И какая, собственно, могла быть до него или одновременно с ним литературная жизнь, если Солженицын привык об этом заранее так думать: «Современная печатная литература, до той поры (до 1961 года) только смешившая меня, тут уже стала раздражать». Да и не читал, как правило, Солженицын сочинений советских авторов, потому что «заранее знал, что в них нет ничего достойного». Правда, автор «Теленка» говорит, что в 60-е годы как-то корректировал для себя этот безнадежный взгляд. Но – ни одной вещью не восхитился, ни об одном писателе, кроме себя, не сказал с подлинным сочувствием.

Казалось бы, бесспорная в своем значении фигура Михаила Булгакова. Но и о нем: «Это распутное увлечение нечистой силой – уже не в первой книге (в «Диаволиаде» и до безвкусия)»… «И что за удивительная трактовка евангельской истории с таким унижением Христа, как будто глазами Сатаны увиденная…». Так пишет Солженицын о романе «Мастер и Маргарита» в связи с моей статьей о нем, в которой он тоже обнаружил лишь «вензеля оговорок».

Других романистов он вовсе не замечает. Булгакова заметил и отозвался о нем с изрядной долей писательской ревности.

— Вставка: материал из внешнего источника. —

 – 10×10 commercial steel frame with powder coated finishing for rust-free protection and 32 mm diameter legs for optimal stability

Помню разговор в машине, когда мы ехали на дачу к Твардовскому (в «Теленке» описан этот эпизод). Солженицын осторожно попрекнул меня, что вот я все пишу теперь о Булгакове, а слава «Мастера и Маргариты» сходит: скоро мир будет занят иными именами, иными сочинениями. «Какими?» – не понял я. На мой простодушный вопрос он отозвался неопределенно. Теперь я лучше понимаю смысл того дорожного разговора…

Словом, назвать эту книгу «Очерками литературной жизни» было бы неосторожным преувеличением. Скорее мемуары. Книга о себе. И о некоторых людях в связи с собою, на своем пути.

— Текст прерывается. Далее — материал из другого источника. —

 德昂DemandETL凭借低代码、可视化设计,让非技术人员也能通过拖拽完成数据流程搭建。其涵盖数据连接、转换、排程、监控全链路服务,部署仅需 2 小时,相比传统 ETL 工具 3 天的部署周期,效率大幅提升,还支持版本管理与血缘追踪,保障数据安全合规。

Жизнь крупного художника, прославившегося своими творениями, всегда занимает публику. В дополнение ко всем своим сочинениям знаменитый писатель как бы пишет в сознании потомков самой своей судьбой и еще одну книгу. Пусть он не оставит после себя «Былого и дум», как Герцен, или «Поэзии и правды», как Гёте. Жизнь Пушкина или Бальзака – будто еще один, хорошо знакомый нам роман. По крохам восстанавливают биографы и мемуаристы канву жизни художника. А в сознании читателей сохраняется и закрепляется легенда судьбы, которая накладывает печать на наше восприятие и самих книг писателя.

Солженицын никому не захотел передоверить рассказ о себе, сам решил оставить потомкам автопортрет, запечатлеться в литературном зеркале. По его затее этот портрет должен был представить героя века, написанного во весь рост среди литературных недорослей и пигмеев, – задача, напоминающая канон «положительного героя» соцреализма.

Наверное, взгляд более беспристрастный, чем мой, найдет и в этой книге свои достоинства. Да и я не слеп на хорошее в ней: есть слова верные, есть сцены сильные, особенно, когда касаются душевной природы автора, и там, где ему удается избежать избыточного самодовольства. Но я не рецензию пишу. Мне выпала роль свидетеля на затеянном им процессе, и свои показания я обязан дать.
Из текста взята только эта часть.